Wirtschaftspolitische Position der IHK Region Stuttgart
Gründungen erleichtern, für Unternehmertum werben
Positionen:
- Um potenziellen Gründern den Start in die Selbstständigkeit zu erleichtern und die Zahl nachhaltiger Gründungen in Baden-Württemberg zu erhöhen, sollte der Abbau bürokratischer Hürden für Existenzgründer weitergeführt werden. Der Aufbau von Doppelstrukturen sollte vermieden werden. So bieten die Industrie- und Handelskammern (IHKs) beispielsweise bereits heute einen Gründerservice im Sinne eines One-Stop-Shops an – von Erstauskunft über Businessplancheck bis hin zu Hilfen bei Finanzierung und Förderanträgen. Als letzter Baustein für einen umfassenden, kundenorientierten Service fehlt bislang noch die Möglichkeit, wie in anderen Bundesländern Gewerbemeldungen rechtswirksam entgegennehmen zu können. Die Einbeziehung der IHKs bietet sich nicht zuletzt aufgrund der den Kammern vom Land übertragenen Funktion als „Einheitlicher Ansprechpartner“ an.

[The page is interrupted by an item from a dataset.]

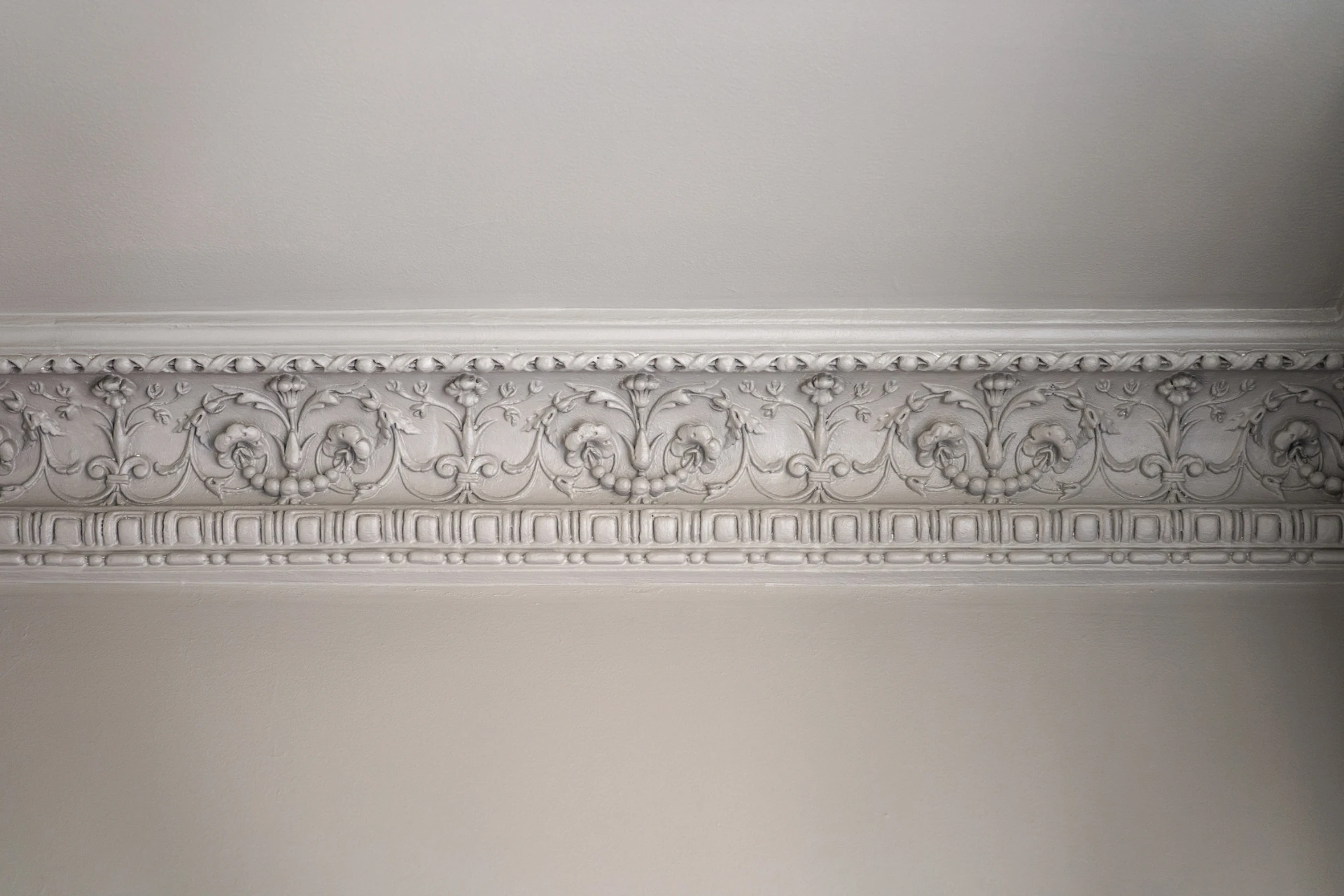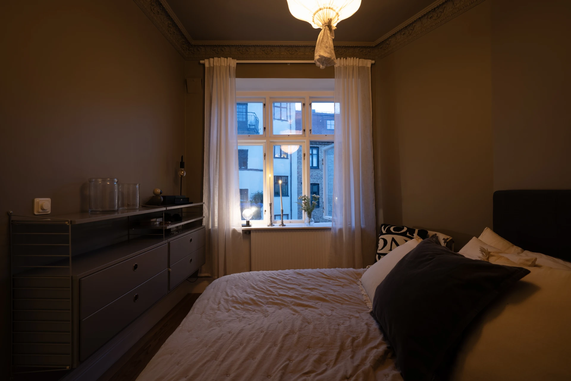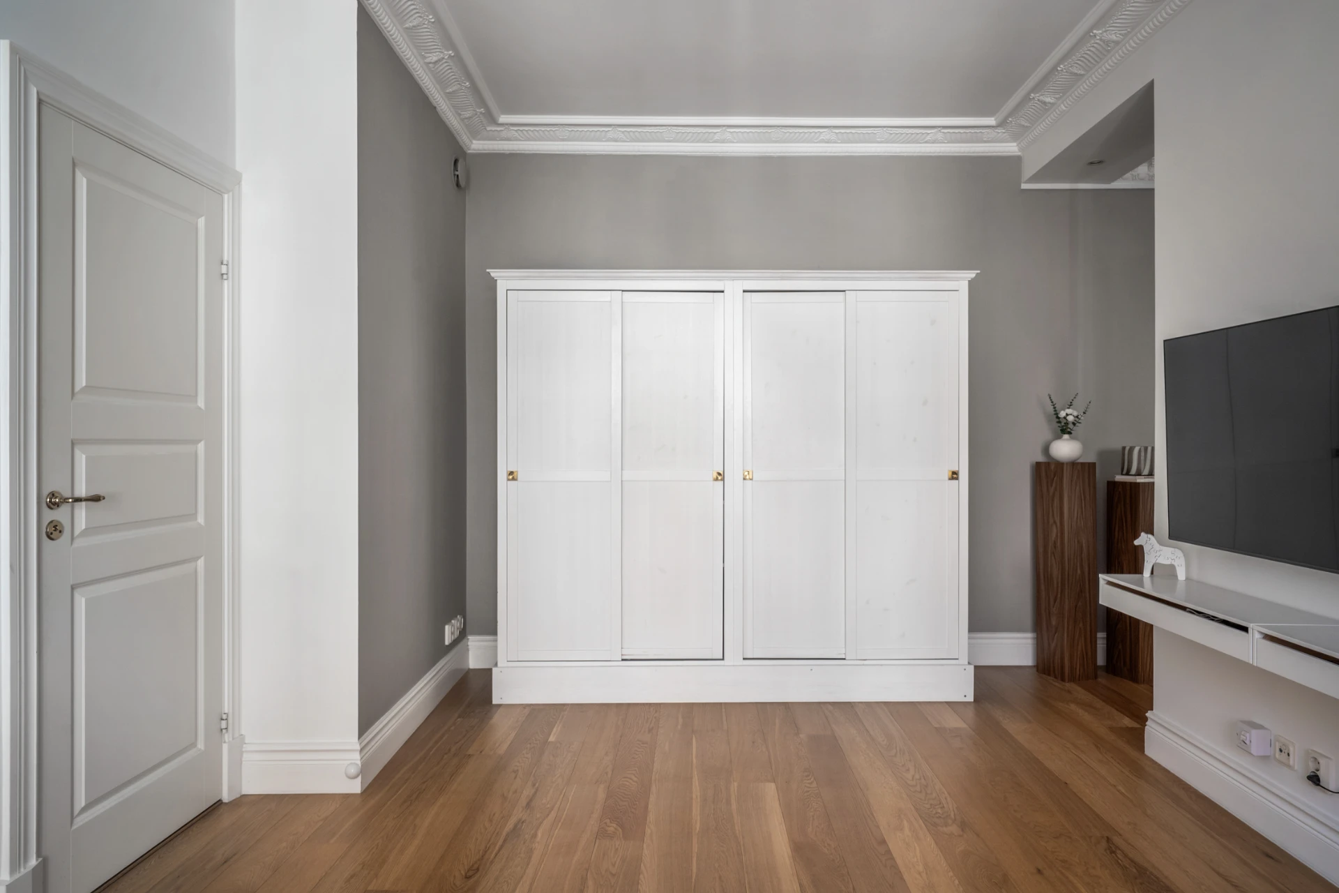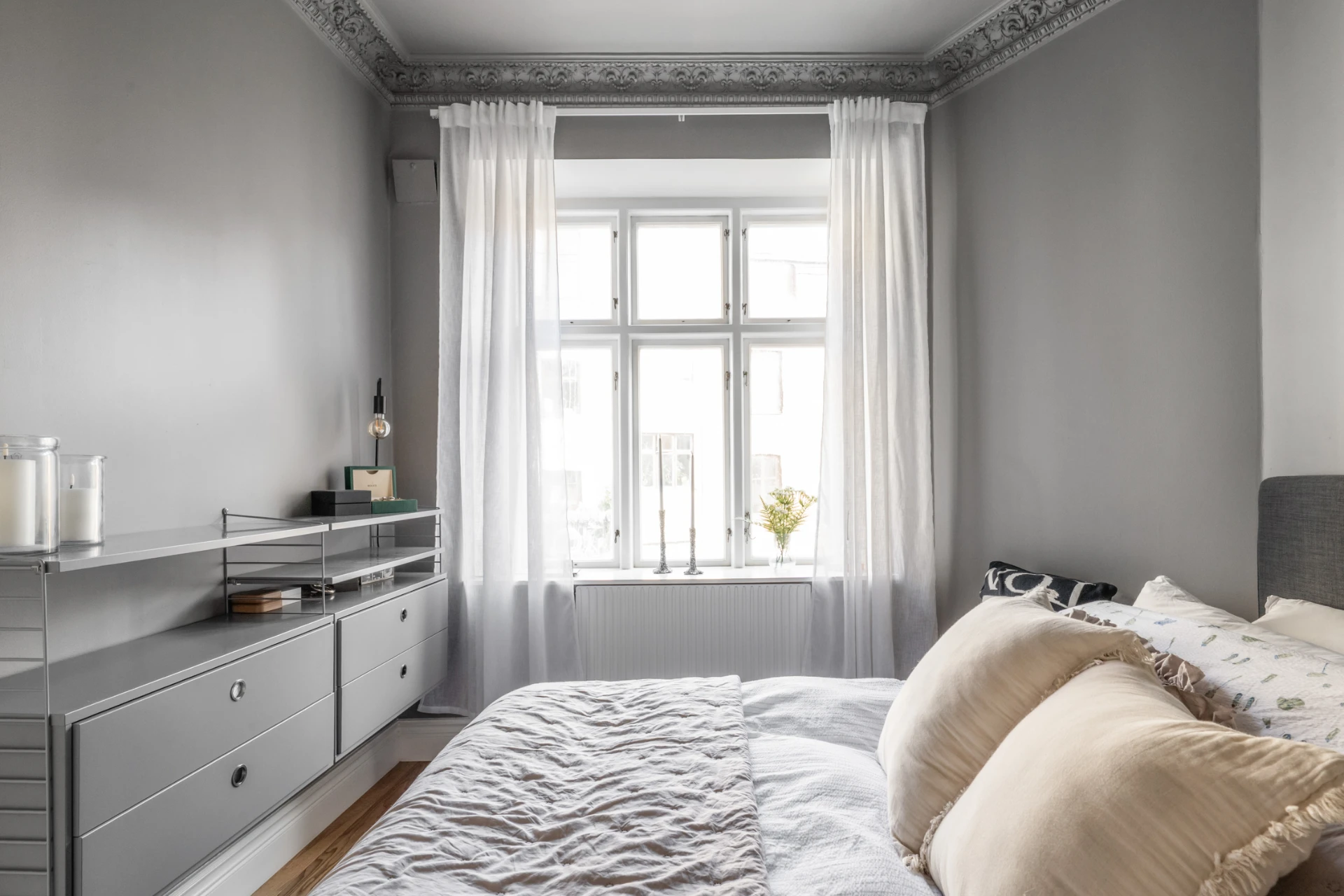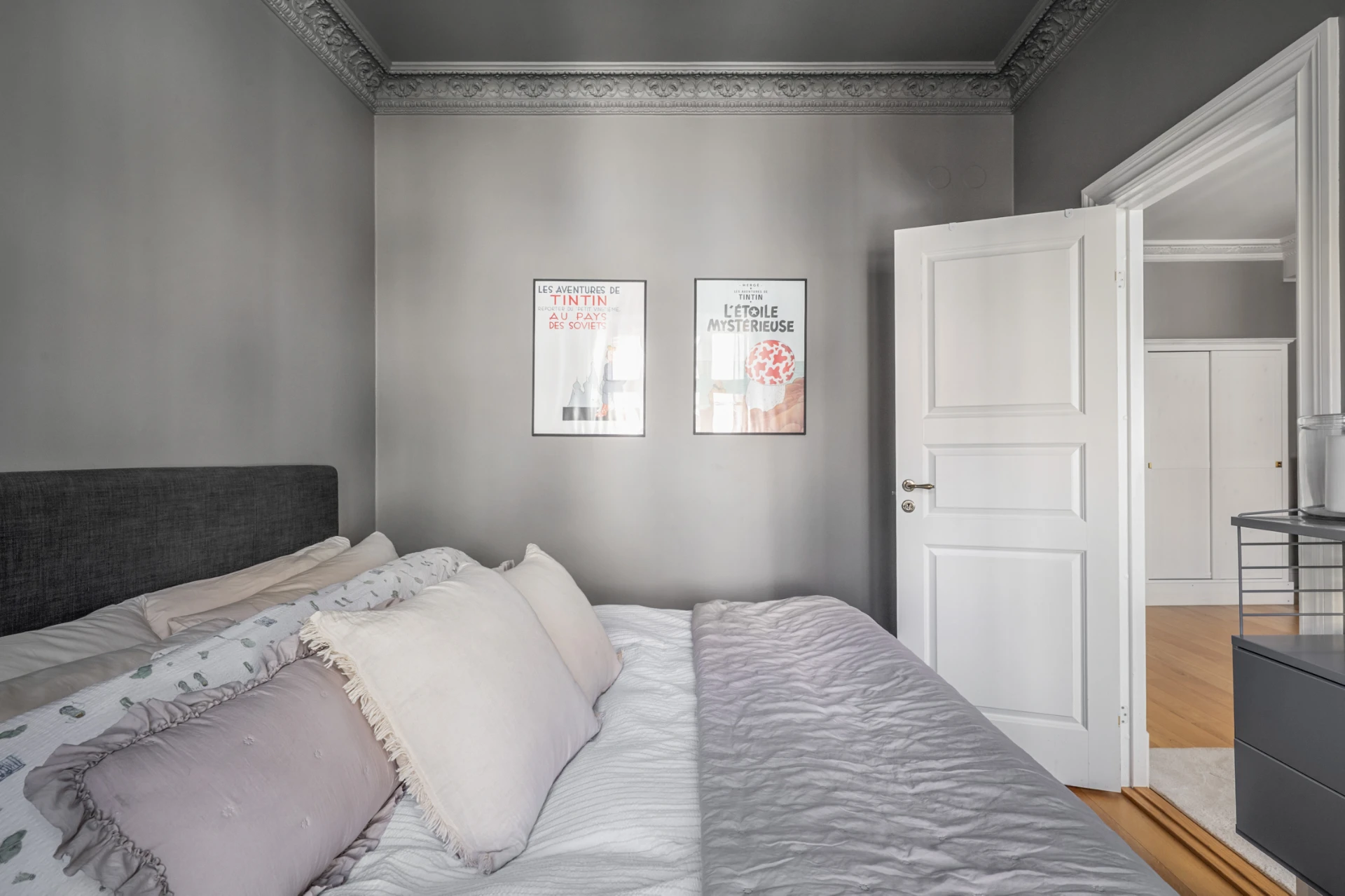 Ekparkett samt gråmålade väggar. Här finns plats för dubbelsäng med tillhörande sängbord. Det stora fönsterpartiet släpper generöst in ljus, medan väggarna ramas in av elegant stuckatur.
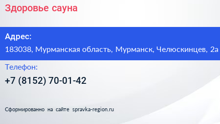 Здоровье, сауна по адресу 183038, Мурманская область, Мурманск, Челюскинцев, 2а в дальнейшем Организация, размещена в следующих категориях:

- Die IHKs sollten bei der Beratungsförderung des Landes in der Vorgründungsphase als echte Erstanlaufstellen fungieren können. Damit wird eine bessere Verzahnung der Angebote von Land, Bund und IHKs erreicht, zumal die Kammern bei der Förderung des Bundes in der Nachgründungsphase seit vielen Jahren Regionalpartner sind. Gleichzeitig würde Existenzgründern schon frühzeitig ein zentraler Ansprechpartner zur Verfügung stehen, auf den sie auch in allen weiteren Phasen im Lebenszyklus des Unternehmens zugreifen können. Im Sinne der Unternehmen sollten die Industrie- und Handelskammern in künftige Überlegungen zur Weiterentwicklung der Beratungsförderung frühzeitig eingebunden werden.
- Um Förderprogramme noch wirksamer zu gestalten, plant das Land die Nutzung eines Fördercontrollings. Dies ist zu begrüßen, allerdings sollte dies Antragstellungen und Förderabwicklung nicht bürokratisieren.
- Es wäre wünschenswert, dass Schulen und Hochschulen stärker zur Selbständigkeit ermuntern und zu einem positiven Unternehmerbild – auch im Hinblick auf das Thema Unternehmensnachfolge – beitragen. Das neue Fach Wirtschaft/Berufs- und Studienorientierung geht in die richtige Richtung. Allerdings muss sichergestellt sein, dass hierfür eine ausreichende Zahl an Lehrkräften mit entsprechender Qualifikation zur Verfügung steht.
Hintergrund:
Das Land Baden-Württemberg, und hier insbesondere die Region Stuttgart, gehört zu den innovativsten und wirtschaftsstärksten Standorten Europas. Die Zukunft unseres Landes braucht die Ideen und die Begeisterung der Gründer als Treiber von Erneuerung und Wandel. Und doch weist Baden-Württemberg im Vergleich zu anderen Bundesländern seit Jahren weniger Gründungen im gewerblich-technischen Bereich auf. Aufwändige Genehmigungsverfahren und viele unterschiedliche Anlaufstellen verzögern häufig den Start von Unternehmen.
Mit der Einführung der Gründungsgutscheine wollte das Land die eigene Vorgründungsberatung besser mit dem umfangreichen Leistungsangebot der Kammern und der vom Bund geförderten Nachgründungsberatung verzahnen. Tatsächlich können sich Gründungsinteressierte jedoch direkt an die vom Land ausgewählten Träger der Beratungsförderung wenden. Die Chance, Existenzgründer gleich beim Start in die Selbstständigkeit mit ihrer IHK als zentralem Ansprechpartner für den gesamten Lebenszyklus des Unternehmens in Kontakt zu bringen, wurde vertan. Zudem ist eine direkte Nachfrage von Beratungsleistungen bei Beratern am freien Markt ausgeschlossen.
Die Themen Unternehmertum und Selbständigkeit sind im Bildungssystem in Baden-Württemberg bisher eher schwach ausgeprägt. So sind wirtschaftliche Themen in den Unterrichtsplänen – trotz ersten Fortschritten – kaum anzutreffen. Dies hat zur Folge, dass Schüler und Hochschüler bisher wenig Wissen über wirtschaftliche Zusammenhänge haben und Selbständigkeit als Berufsperspektive kaum wahrnehmen. Zugleich gestaltet sich die Suche nach einem geeigneten Nachfolger für Senior-Unternehmer zunehmend schwieriger.